*** Recorded data ***

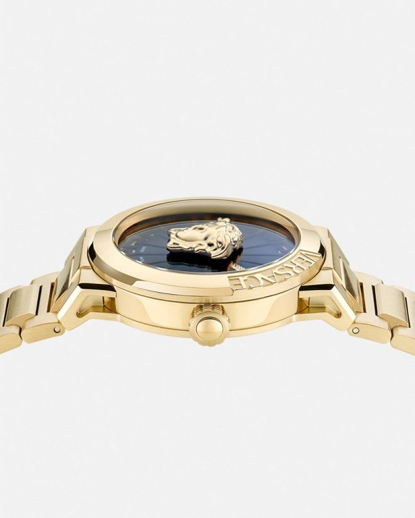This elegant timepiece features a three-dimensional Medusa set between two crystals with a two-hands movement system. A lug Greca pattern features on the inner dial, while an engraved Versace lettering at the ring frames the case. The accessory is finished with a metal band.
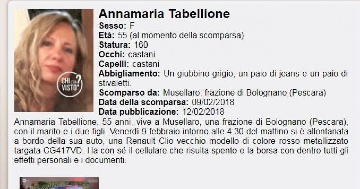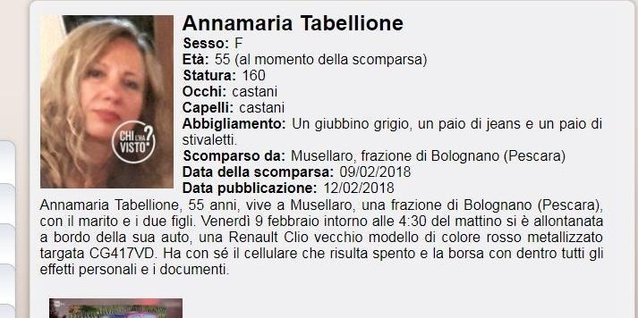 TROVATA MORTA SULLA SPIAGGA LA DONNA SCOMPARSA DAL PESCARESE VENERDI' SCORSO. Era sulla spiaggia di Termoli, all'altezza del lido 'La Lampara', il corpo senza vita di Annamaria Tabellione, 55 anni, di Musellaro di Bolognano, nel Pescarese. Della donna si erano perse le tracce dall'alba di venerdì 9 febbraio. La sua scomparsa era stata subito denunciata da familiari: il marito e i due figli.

***
*** Recorded data ***

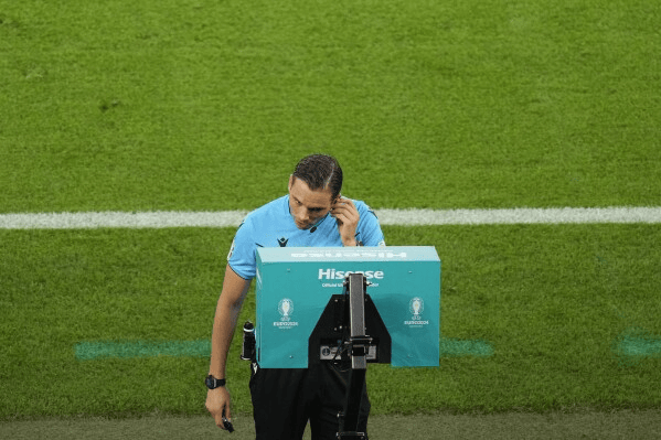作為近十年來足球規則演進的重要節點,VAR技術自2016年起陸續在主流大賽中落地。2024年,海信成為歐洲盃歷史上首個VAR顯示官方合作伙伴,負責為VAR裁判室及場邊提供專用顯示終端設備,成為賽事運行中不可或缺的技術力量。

***
*** Recorded data ***

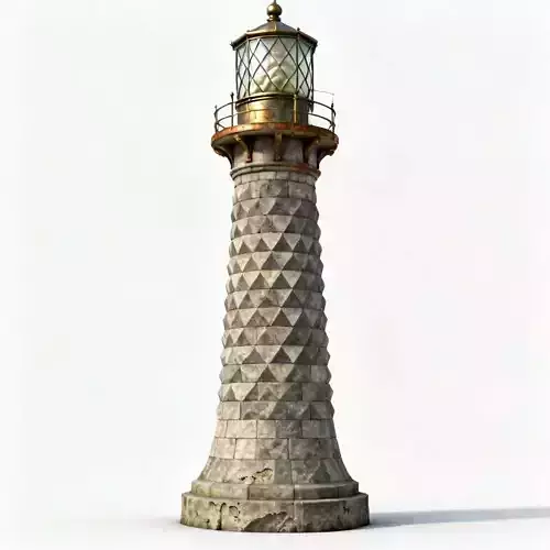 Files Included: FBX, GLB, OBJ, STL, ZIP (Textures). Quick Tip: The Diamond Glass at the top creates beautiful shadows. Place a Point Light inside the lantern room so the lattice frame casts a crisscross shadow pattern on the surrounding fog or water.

***

Reproduce the lines above starting at the one with "This elegant timepiece" and ending at the one with "TROVATA MORTA SULLA", both included, exactly and with no pictures.

◆ **Completed exercise**:
This elegant timepiece features a three-dimensional Medusa set between two crystals with a two-hands movement system. A lug Greca pattern features on the inner dial, while an engraved Versace lettering at the ring frames the case. The accessory is finished with a metal band.
 TROVATA MORTA SULLA SPIAGGA LA DONNA SCOMPARSA DAL PESCARESE VENERDI' SCORSO. Era sulla spiaggia di Termoli, all'altezza del lido 'La Lampara', il corpo senza vita di Annamaria Tabellione, 55 anni, di Musellaro di Bolognano, nel Pescarese. Della donna si erano perse le tracce dall'alba di venerdì 9 febbraio. La sua scomparsa era stata subito denunciata da familiari: il marito e i due figli.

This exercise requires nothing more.